1、太阳能驱动二氧化碳(CO2)转化
(1)光电催化还原二氧化碳
光电催化还原二氧化碳是利用光能和电能将二氧化碳转化为液体燃料或其他有机化合物,还原过程结合了光催化和电催化的优点。在光照条件下,半导体催化剂被入射光激发,当催化剂吸收大于或等于其带隙能量的光子能量后,电子从价带跃迁到导带,产生光生电子-空穴对。随后在外加偏压形成的电场作用下,光生电子或空穴发生定向转移,促使电子-空穴对的分离,增加反应所需的电子数目进而可提高CO2的电化学还原效率。一般来说,在光电催化还原CO2的过程中,p型半导体光阴极利用光生电子对CO2催化还原,将其转化为液体燃料或其他有机化合物,对电极上光生空穴将水氧化生成H+和O2。
图1. (a) 异质结界面的能带构型和电荷分离示意图;(b)g-C3N4/ZnTe光电催化剂的制备.
代表作:
1、Q. Wang, X. Wang, Z. Yu, X. Jiang, J. Chen, L. Tao, M. Wang, Y. Shen. Artificial photosynthesis of ethanol using type-II g-C3N4/ZnTe heterojunction in photoelectrochemical CO2 reduction system. Nano Energy, 2019, 60: 827-835.
2、Q. Wang, L. Tao, X. Jiang, M. Wang, Y. Shen. Graphene oxide wrapped CH3NH3PbBr3 perovskite quantum dots hybrid for photoelectrochemical CO2 reduction in organic solvents. Applied Surface Science, 2019, 465: 607-613.
(2)电催化还原二氧化碳
电催化还原二氧化碳已成为一种新兴技术,其目的不仅是降低二氧化碳水平,而且还将这种不受欢迎的分子转化为增值的化学产品。电催化还原二氧化碳反应有着条件温和、还原效率高、选择性可控、反应装置简单等优势,因此应用潜力巨大。利用金属Cu分布广泛、价格低廉、催化性能优良的独特优势,依据Sabatier原则选择异质金属(如Sn、Cd、In等)促进CO2催化还原反应的高选择性发生,增加催化剂稳定性。

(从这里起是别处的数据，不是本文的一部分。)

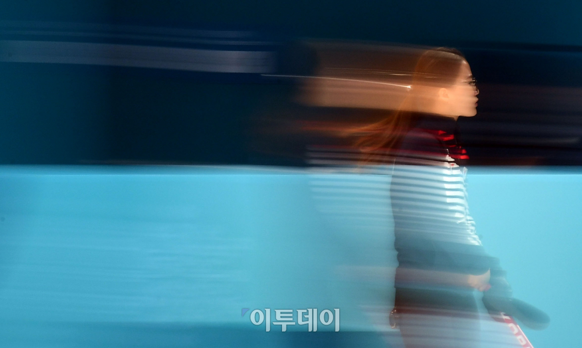 23일 강원도 강릉컬링센터에서 열린 2018 평창동계올림픽 여자 컬링 준결승 일본전에서 김은정이 투구를 위해 하우스를 향해 미끄러지듯 얼음을 타고 있다. 이동근 기자 foto@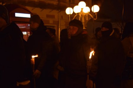Понад 150 людей зі смолоскипами та прапорами пройшли центральною вулицею Соборності від переходу «Злато Місто» до пам’ятника Івану Мазепі на Соборному майдані. До акції долучилися й кременчужани.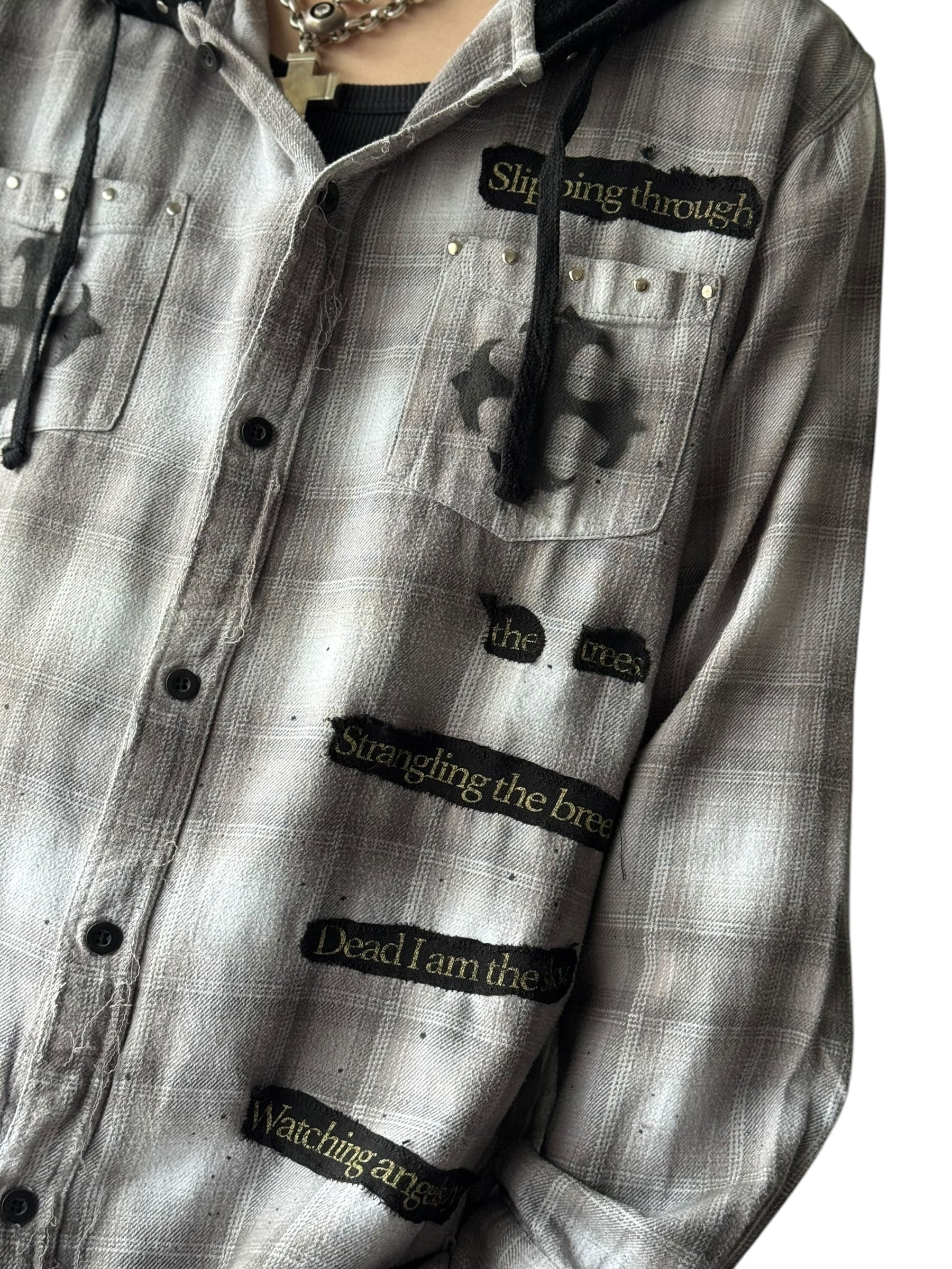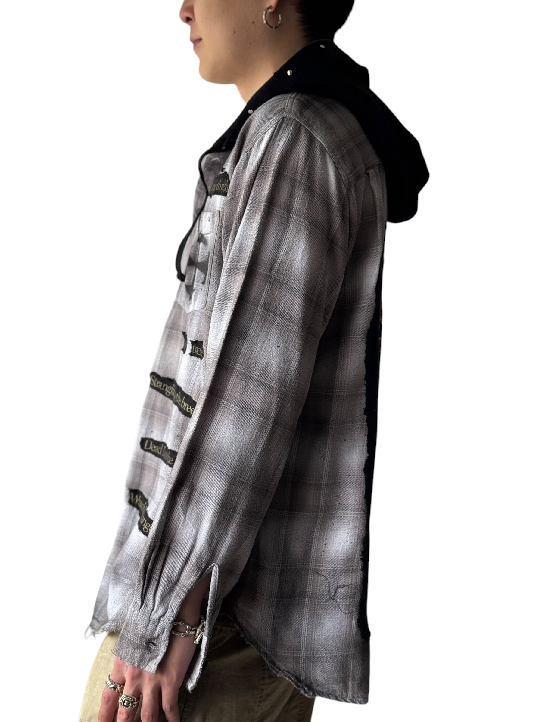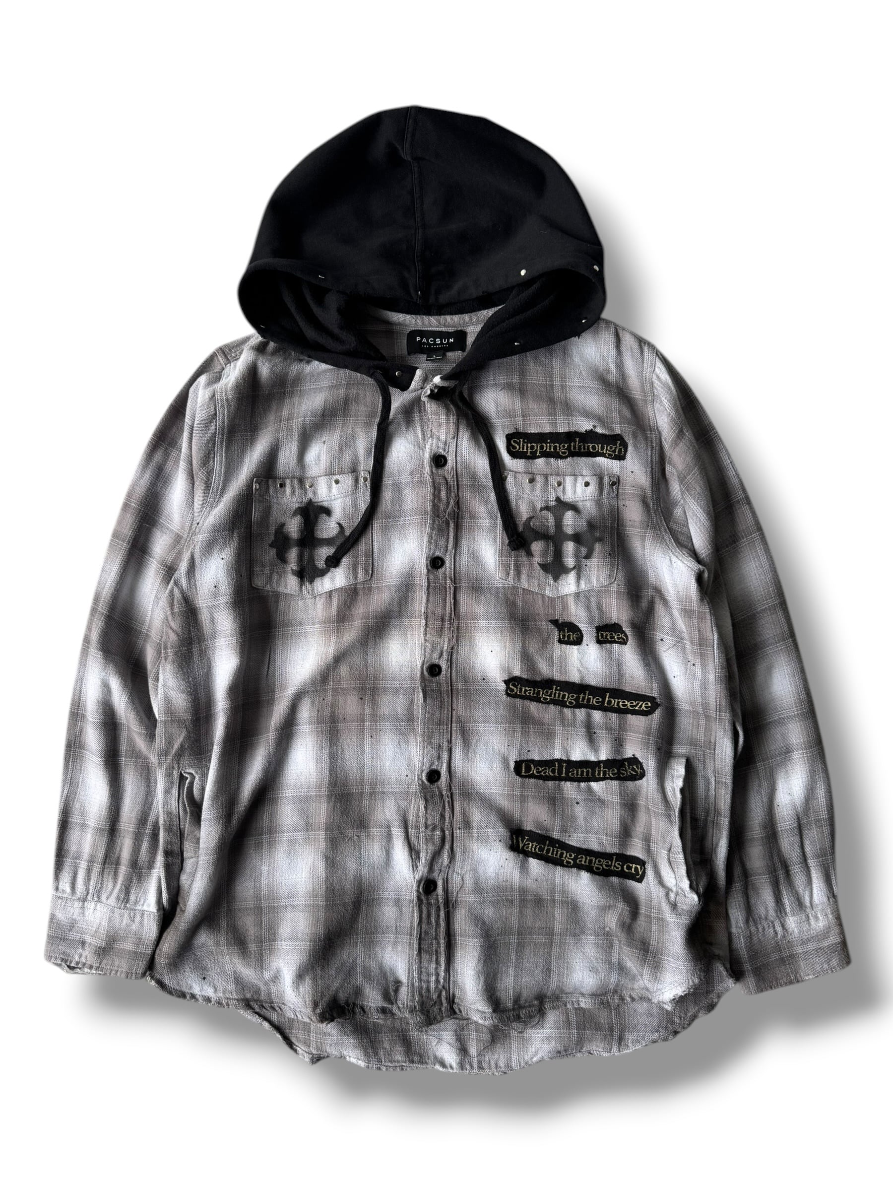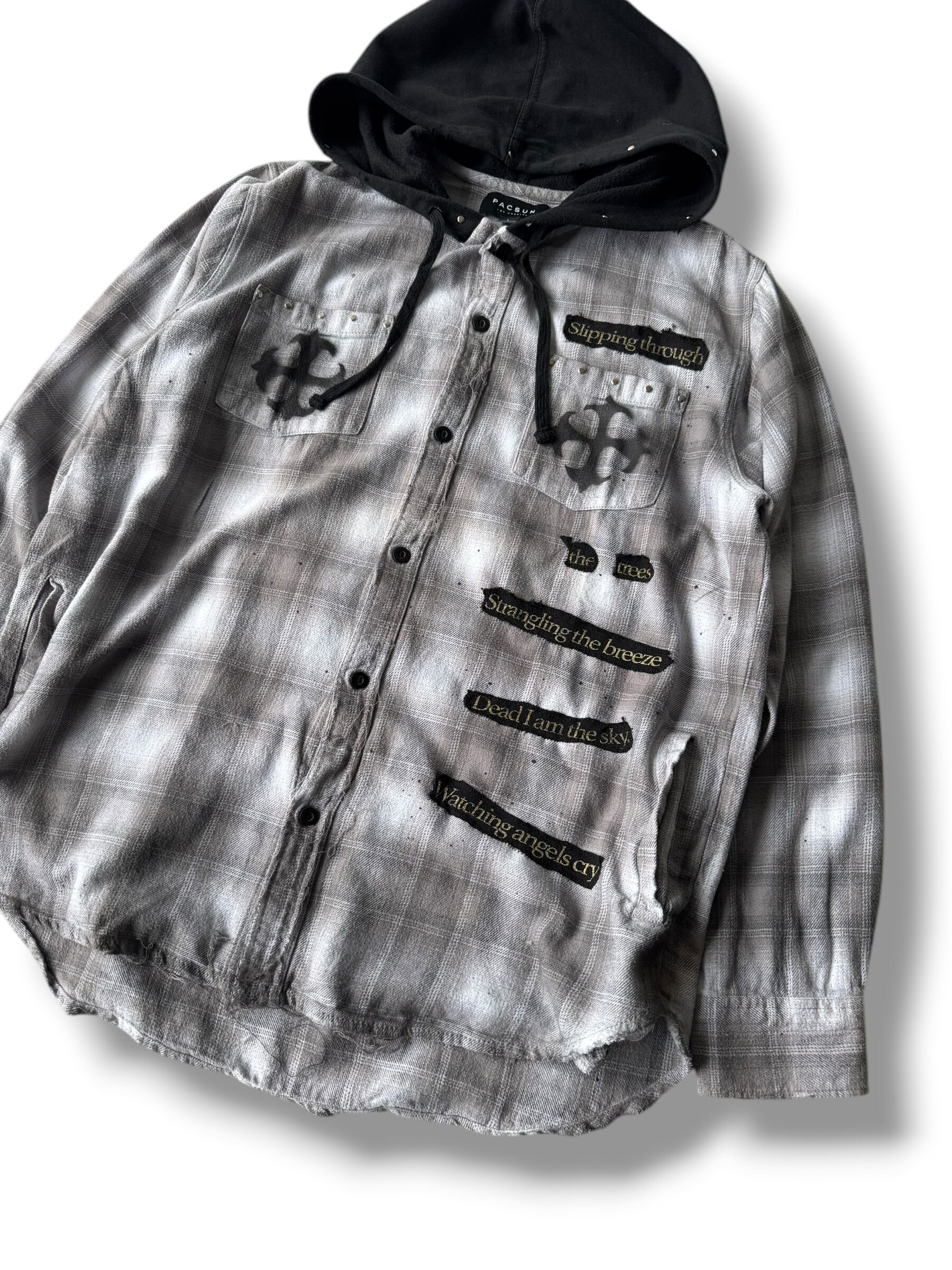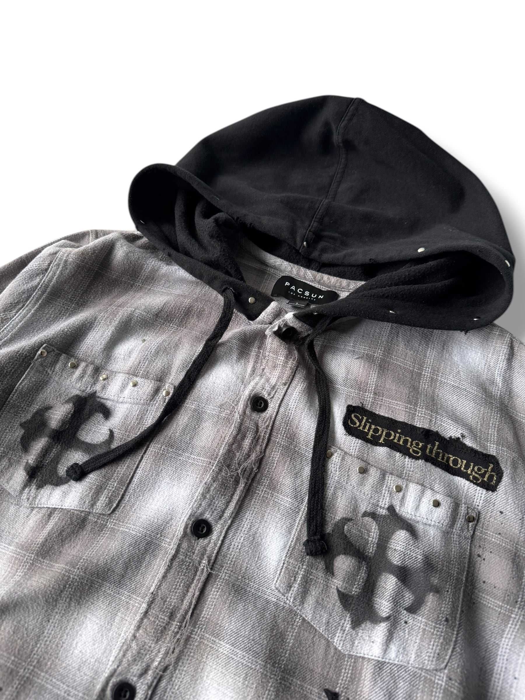 ♾PACSUN♾ "Slip KnoT" custom design check patterned hooded L/S shirts size L

图2. (a) BM Sn-Cu催化剂电催化还原二氧化碳反应机理示意图;(b)Bi-rGO催化剂电催化还原二氧化碳反应机理示意图.
代表作:
1、X. Jiang, X. Wang, Z. Liu, Q. Wang, X. Xiao, H. Pan, M. Li, J. Wang, Y. Shao, Z. Peng, Y. Shen, M. Wang. A highly selective tin-copper bimetallic electrocatalyst for the electrochemical reduction of aqueous CO2 to formate. Applied Catalysis B: Environmental, 2019, 259: 118040.
2、X. Jiang, Q. Wang, X. Xiao, J. Chen, Y. Shen, M. Wang. Interfacial engineering of bismuth with reduced graphene oxide hybrid for improving CO2 electroreduction performance. Electrochimica Acta, 2020, 357: 136840.

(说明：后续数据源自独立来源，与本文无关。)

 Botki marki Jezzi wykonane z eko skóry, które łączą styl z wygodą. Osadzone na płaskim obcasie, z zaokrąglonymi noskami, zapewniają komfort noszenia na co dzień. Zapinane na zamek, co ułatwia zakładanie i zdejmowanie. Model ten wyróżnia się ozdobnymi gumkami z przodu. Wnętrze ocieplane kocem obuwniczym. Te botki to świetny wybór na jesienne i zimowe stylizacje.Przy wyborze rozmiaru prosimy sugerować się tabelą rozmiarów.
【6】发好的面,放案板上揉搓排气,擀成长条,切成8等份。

3、X. Wang, X. Jiang, Q. Wang, T. Zhang, P. Li, M. Wang, Y. Shen. Investigation on In–TiO2 composites as highly efficient elecctrocatalyst for CO2 reduction. Electrochimica Acta, 2020, 340: 135948.
4、C. Wang, M. Cao, X. Jiang, M. Wang, Y. Shen. A catalyst based on copper-cadmium bimetal for electrochemical reduction of CO2 to CO with high faradaic efficiency. Electrochimica Acta, 2018, 271: 544-550.
2、太阳能制氢
(1)光电催化分解水
与光电催化还原二氧化碳类似,在光电催化分解水的过程中,以n型半导体光阳极(TiO2)为例,光生电子进入外电路流向对电极,空穴仍留在半导体的价带,氧化水生成氧气,水中的质子则接受对电极上的电子产生氢气。
图3. (a) 光电催化分解水示意图;(b) 钙钛矿太阳能电池驱动水分解制氢.
代表作:
1、X. Lv, L. Tao, M. Cao, X. Xiao, M. Wang, Y. Shen. Enhancing photoelectrochemical water oxidation efficiency via self-catalyzed oxygen evolution: A case study on TiO2. Nano Energy, 2018, 44: 411-418.
2、X. Zhang, B. Zhang, Z. Zuo, M. Wang, Y. Shen. N/Si co-doped oriented single crystalline rutile TiO2 nanorods for photoelectrochemical water splitting. Journal of Materials Chemistry A, 2015, 3(18): 10020-10025.
3、X. Lv, M. Cao, W. Shi, M. Wang, Y. Shen. A new strategy of preparing uniform graphitic carbon nitride films for photoelectrochemical application. Carbon, 2017, 117: 343-350.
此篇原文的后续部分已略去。